# Deep Fried Pickles, how does one bread them...



## KevInAlaska (Jul 9, 2007)

Deep Friend Pickles, how does one bread them?  Actually is it bread.  Anyone have a recipe.  Who has made them?

I might have to make them instead of being able to have them purchased.

I know some of you mentioned you liked them or loved them.  Did you make them?

Sincerely,

Kevin in Alaska


----------



## GrillingFool (Jul 9, 2007)

I bread mine with House of Autrey Medium Hot breading mix. 
Which is, if I remember correctly, a mix of flour, cornmeal and spices.
I use dills cut into fourths.
They get dried off, floured, dredged in egg, floured, 
then fried in 375 degree oil for a couple of minutes.
To be honest, I am not totally happy with my breading,
sometimes it falls off.
But not as often, since I got a thermometer to make
sure my oil is hot, LOLOLOLOL!
Oh, gotta use Mt. Olive Zesty Dills, too.


----------



## Uncle Bob (Jul 9, 2007)

Here fried dill pickles are quite popular. Always of the "hamburger slice" variety. After trying every commercial breading mixture I could find, as well as home made, I settled on a beer batter with added spices for flavor. Also just as soon as they are taken up. they are dusted with "Magic Dust" consisting mostly of garlic and cayenne pepper. Eat them while they are hot and...

Enjoy!


----------



## Harborwitch (Jul 9, 2007)

I make a beer batter for mine because we usually make them when we're having other beer battered stuff.  Love the crazy things.  

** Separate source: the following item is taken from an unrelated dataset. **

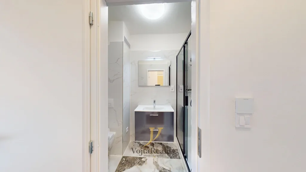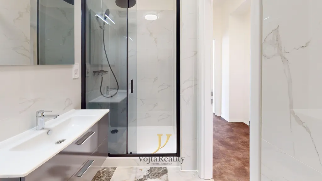 Velkoryse řešená koupelna nabízí podlahové vytápění, prostorný elegantní sprchový kout s a sladěné designové prvky. Standardem jsou kvalitní baterie a sanitární vybavení značek Grohe a Geberit, které zajišťují spolehlivost a dlouhou životnost. Vedle koupelny se nachází praktická technická místnost s bojlerem a přípravou pro pračku i sušičku.

This is more traditional batter - In a shallow bowl beat 1 egg and 1 cup milk.  Add 2 tsp Worcestershire sauce, 1/4 tsp tabasco sauace, 1/4 tsp ground cayenne pepper and 1/4 tsp garlic powder, and salt and pepper to taste.

In another small bowl mix 1 1/2 c. all purpose flour and salt and pepper to taste.  Dip into milk mixture and then into flour.  Fry in 350 degree oil for about a minute - moving to brow evenly.  Drain on paper towels and keep warm in a 200 degree oven.

This calls for baby dills sliced crossways into 1/4" slices but we used regular dills sliced into 1/2" slices. 

What's really fun is to make up a bunch of them and let your guests try to figure out what they are.


----------